=== Information provided ===
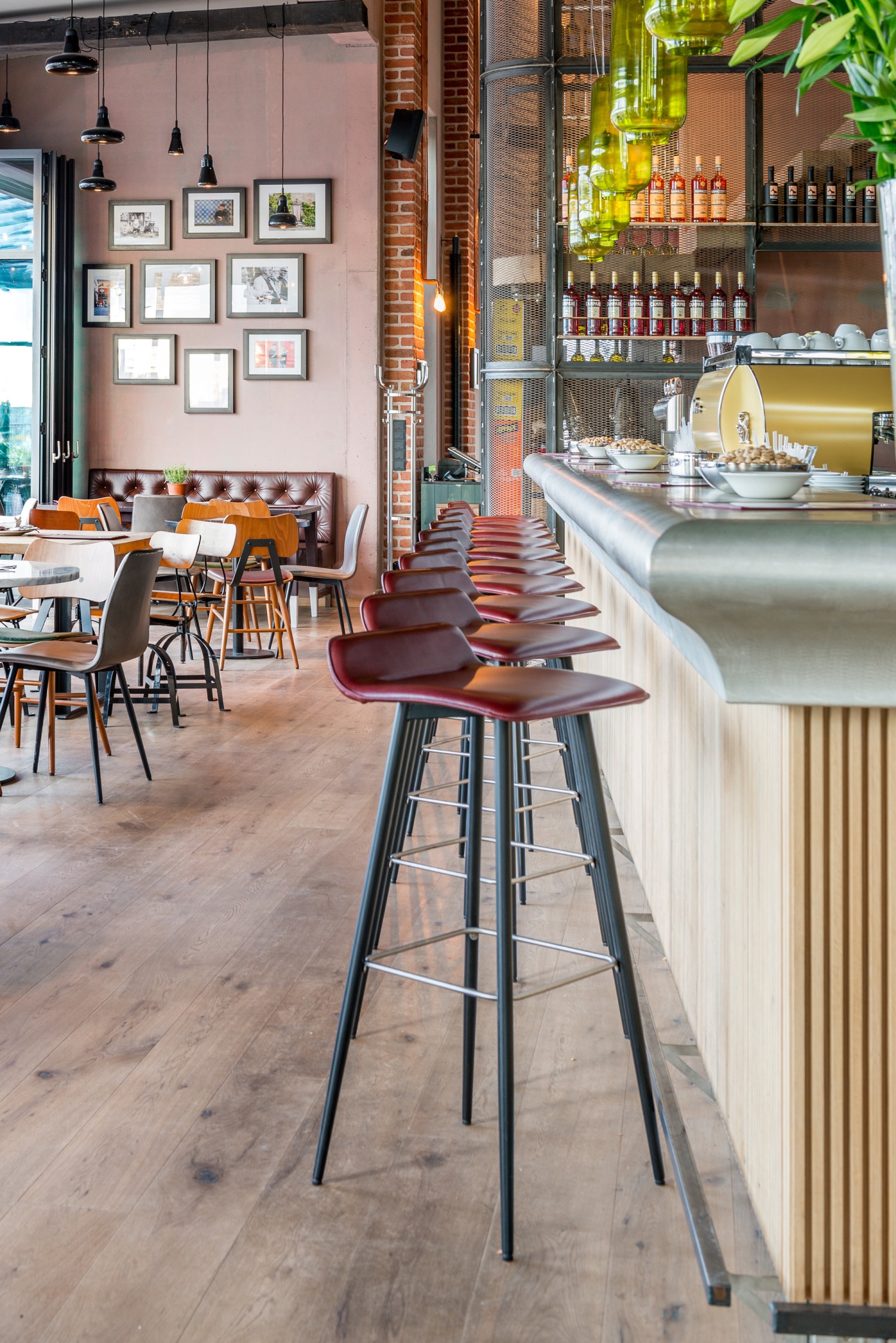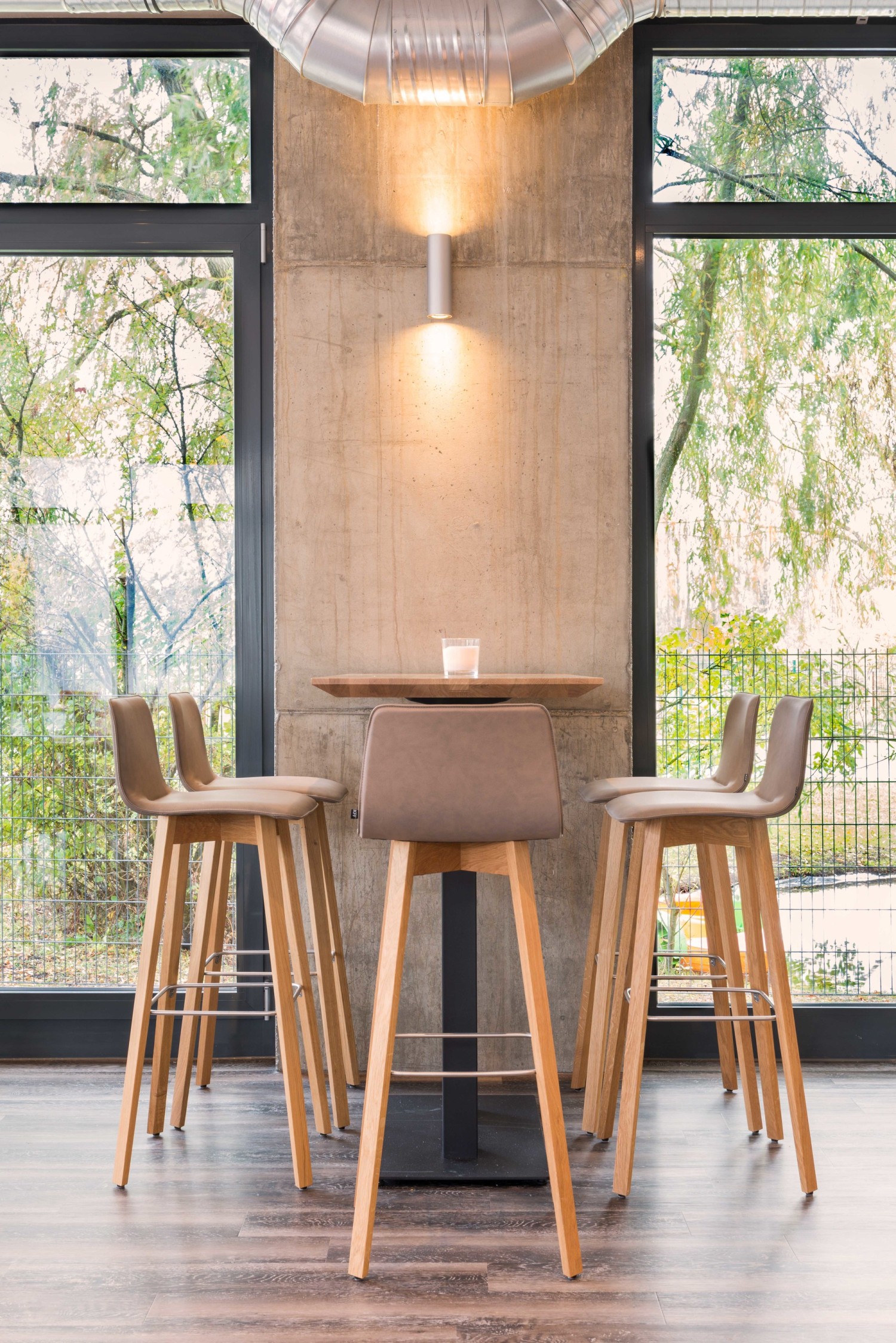 The MAVERICK bar stool from the Hoffmann Kaleyss design studio speaks a modern language of form. The characteristic, slightly flared legs carry the chair shell, which is ergonomically formed from one piece with a low back. Comfortable, timeless in design and durable, the MAVERICK bar stool is predestined for natural, casual and sophisticated gastronomy.
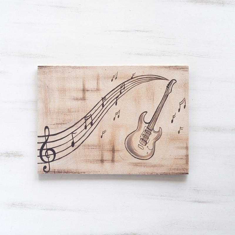 Ξύλινο καδράκι natural παραλληλόγραμμο με σβησίματα καφέ,με κιθάρα και μουσικό πεντάγραμμο, ιδανικό για διακοσμήσεις και κατασκευές
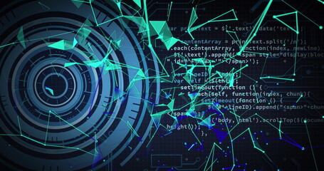 Abstract digital interface concept showcasing data processing and global connections through scope scanning technology
===
* _Activity_: Pictures are to be omitted from the copy, and only the lines from the one containing "Ξύλινο καδράκι natural" through the final line of the listing above are to be written out exactly.

* _Response_:
 Ξύλινο καδράκι natural παραλληλόγραμμο με σβησίματα καφέ,με κιθάρα και μουσικό πεντάγραμμο, ιδανικό για διακοσμήσεις και κατασκευές
 Abstract digital interface concept showcasing data processing and global connections through scope scanning technology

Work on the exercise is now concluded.